■ **Assignment**
Begin with the first line below and retype each line exactly through the line containing "- Motiv: červenka". Any pictures are to be left out.

*** Block opens ***

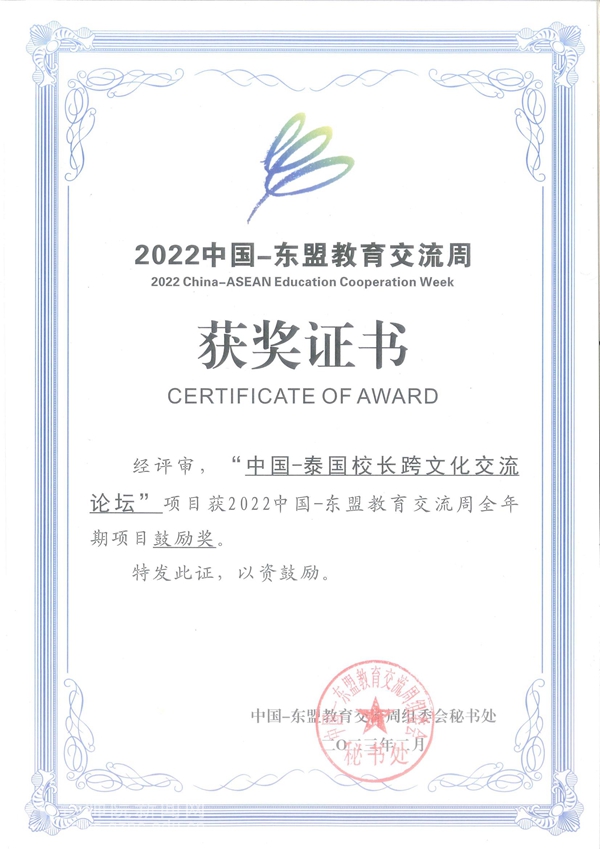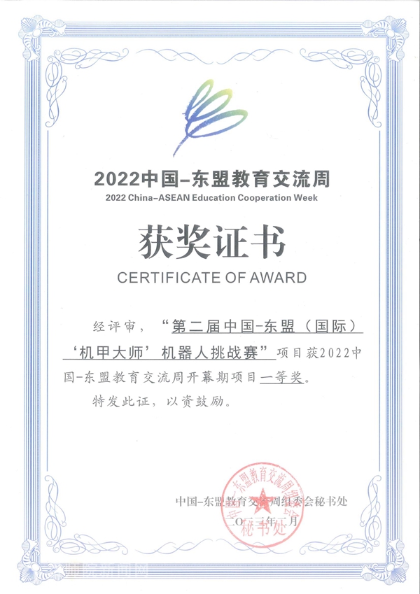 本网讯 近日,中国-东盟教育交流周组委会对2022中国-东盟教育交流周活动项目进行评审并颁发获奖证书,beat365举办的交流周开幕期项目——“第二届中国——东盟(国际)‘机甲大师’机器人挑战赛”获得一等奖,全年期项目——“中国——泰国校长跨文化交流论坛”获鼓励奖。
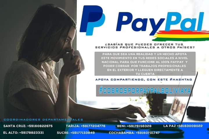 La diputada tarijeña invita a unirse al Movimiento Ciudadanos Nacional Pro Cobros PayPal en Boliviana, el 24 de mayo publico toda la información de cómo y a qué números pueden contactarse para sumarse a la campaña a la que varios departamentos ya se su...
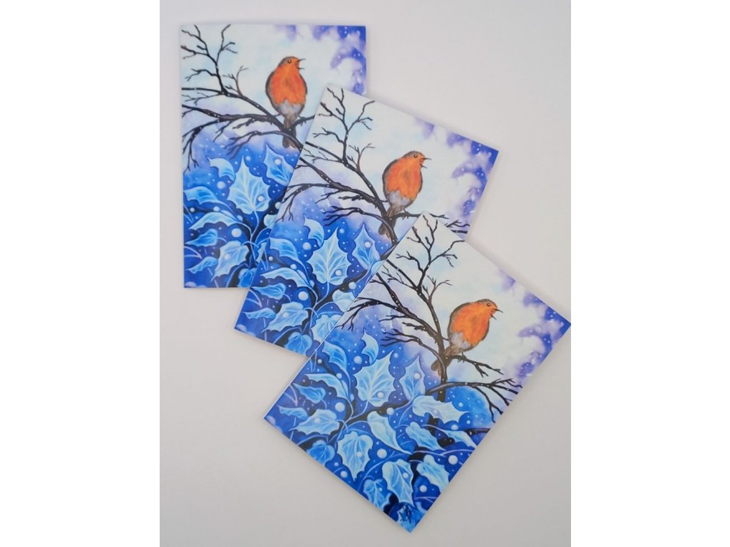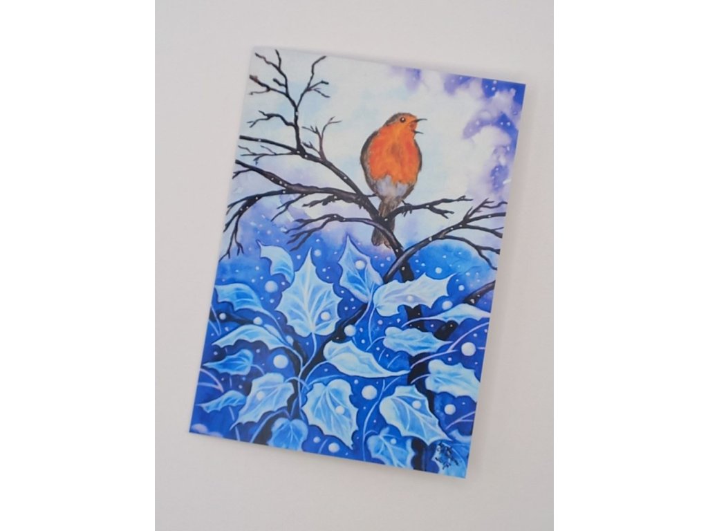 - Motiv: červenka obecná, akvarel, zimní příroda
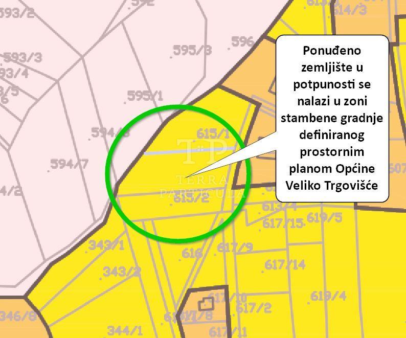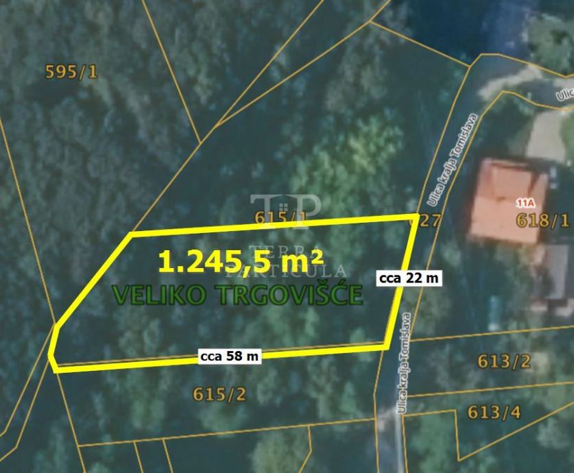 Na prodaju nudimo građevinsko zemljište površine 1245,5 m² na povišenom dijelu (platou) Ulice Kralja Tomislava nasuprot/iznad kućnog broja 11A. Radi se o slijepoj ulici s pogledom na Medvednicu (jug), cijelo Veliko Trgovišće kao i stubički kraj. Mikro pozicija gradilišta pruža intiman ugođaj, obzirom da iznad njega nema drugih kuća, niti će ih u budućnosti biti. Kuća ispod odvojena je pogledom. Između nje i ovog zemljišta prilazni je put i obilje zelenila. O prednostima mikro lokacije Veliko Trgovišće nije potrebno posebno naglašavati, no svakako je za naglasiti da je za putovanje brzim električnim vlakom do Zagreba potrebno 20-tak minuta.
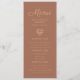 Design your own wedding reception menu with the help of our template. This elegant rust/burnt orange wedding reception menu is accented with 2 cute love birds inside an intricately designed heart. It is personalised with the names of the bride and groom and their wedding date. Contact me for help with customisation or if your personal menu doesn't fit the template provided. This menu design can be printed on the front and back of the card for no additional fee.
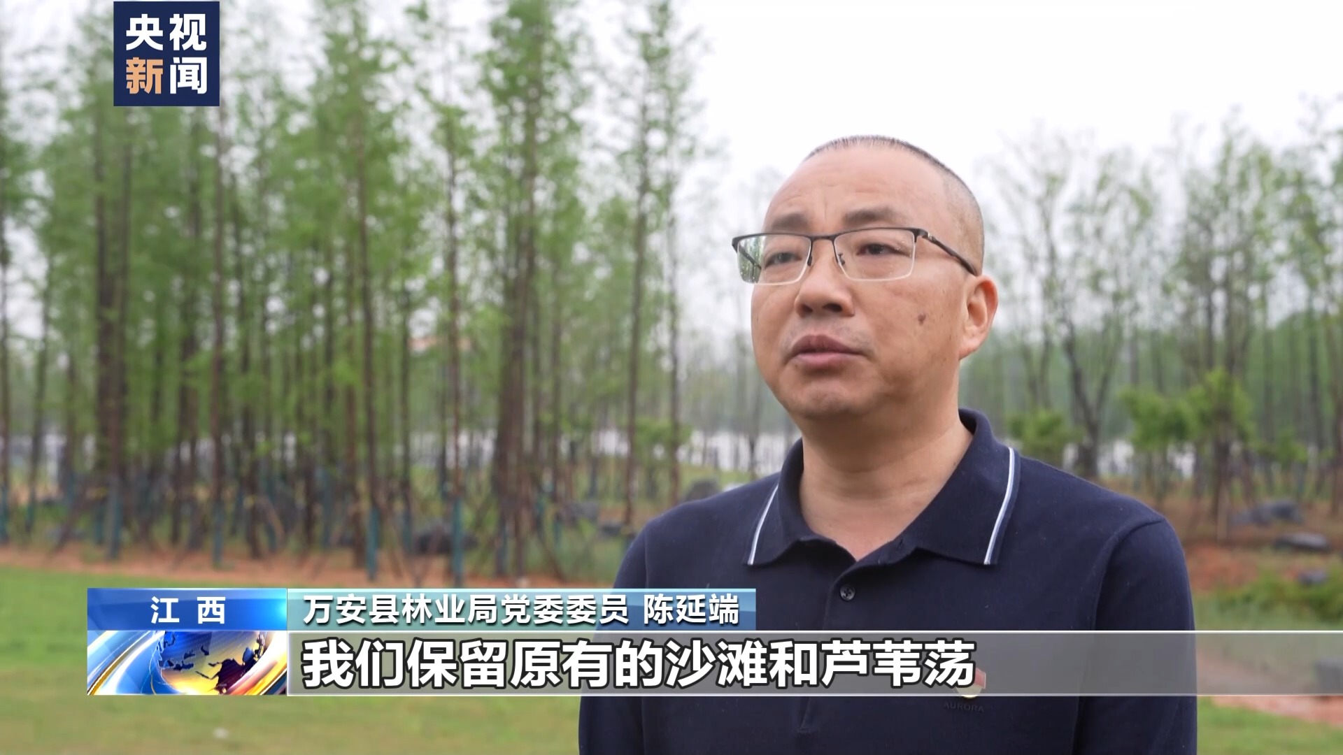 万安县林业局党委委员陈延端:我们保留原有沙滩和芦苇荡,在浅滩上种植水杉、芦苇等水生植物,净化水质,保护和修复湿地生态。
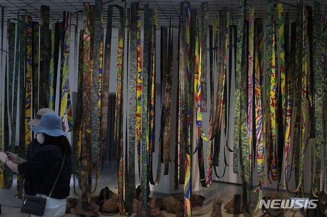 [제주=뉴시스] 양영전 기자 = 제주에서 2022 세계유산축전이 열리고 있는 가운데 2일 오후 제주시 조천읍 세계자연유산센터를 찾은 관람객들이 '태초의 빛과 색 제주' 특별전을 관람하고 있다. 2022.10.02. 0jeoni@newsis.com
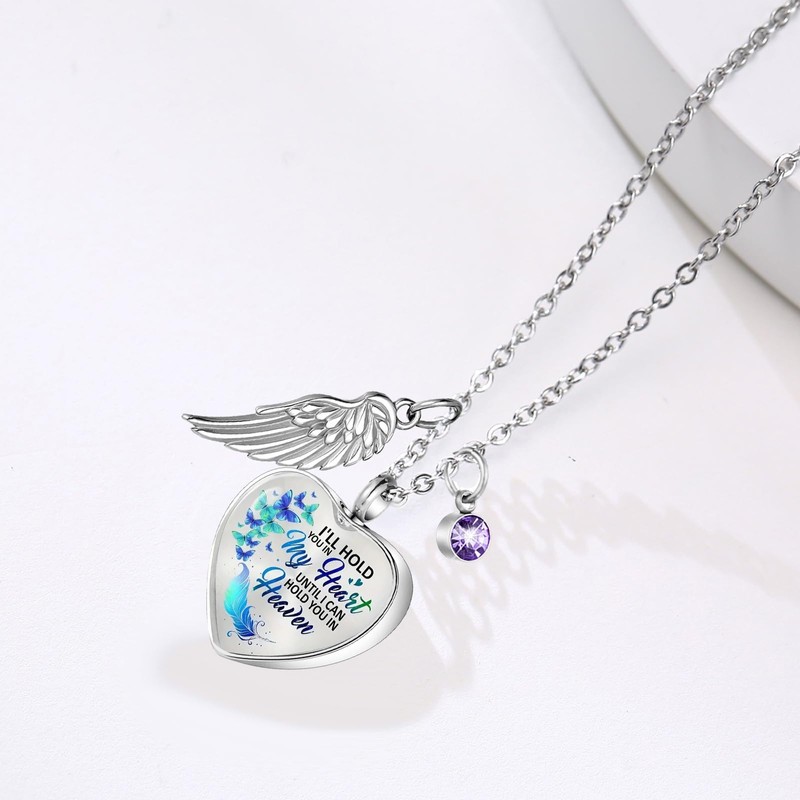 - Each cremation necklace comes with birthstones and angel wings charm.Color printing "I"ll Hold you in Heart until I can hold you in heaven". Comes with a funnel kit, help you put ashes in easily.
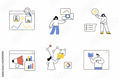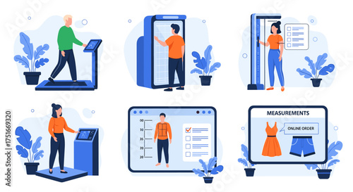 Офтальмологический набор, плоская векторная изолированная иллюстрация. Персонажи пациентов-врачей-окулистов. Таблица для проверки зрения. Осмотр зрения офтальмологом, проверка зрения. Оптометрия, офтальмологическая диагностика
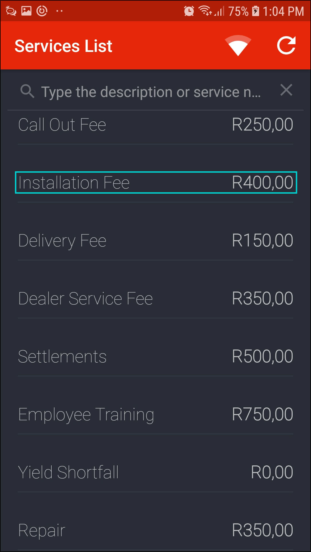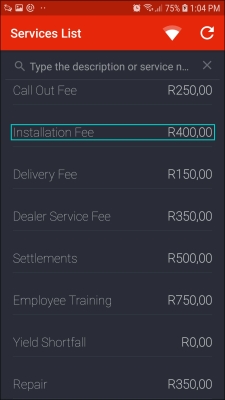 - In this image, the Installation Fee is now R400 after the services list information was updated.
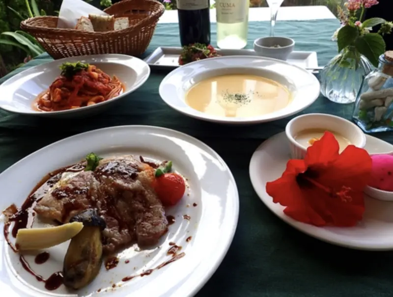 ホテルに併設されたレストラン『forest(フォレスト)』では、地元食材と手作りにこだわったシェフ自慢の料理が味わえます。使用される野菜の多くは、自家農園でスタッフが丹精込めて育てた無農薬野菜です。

*** Block closes ***

■ **Response to the exercise**
 本网讯 近日,中国-东盟教育交流周组委会对2022中国-东盟教育交流周活动项目进行评审并颁发获奖证书,beat365举办的交流周开幕期项目——“第二届中国——东盟(国际)‘机甲大师’机器人挑战赛”获得一等奖,全年期项目——“中国——泰国校长跨文化交流论坛”获鼓励奖。
 La diputada tarijeña invita a unirse al Movimiento Ciudadanos Nacional Pro Cobros PayPal en Boliviana, el 24 de mayo publico toda la información de cómo y a qué números pueden contactarse para sumarse a la campaña a la que varios departamentos ya se su...
 - Motiv: červenka obecná, akvarel, zimní příroda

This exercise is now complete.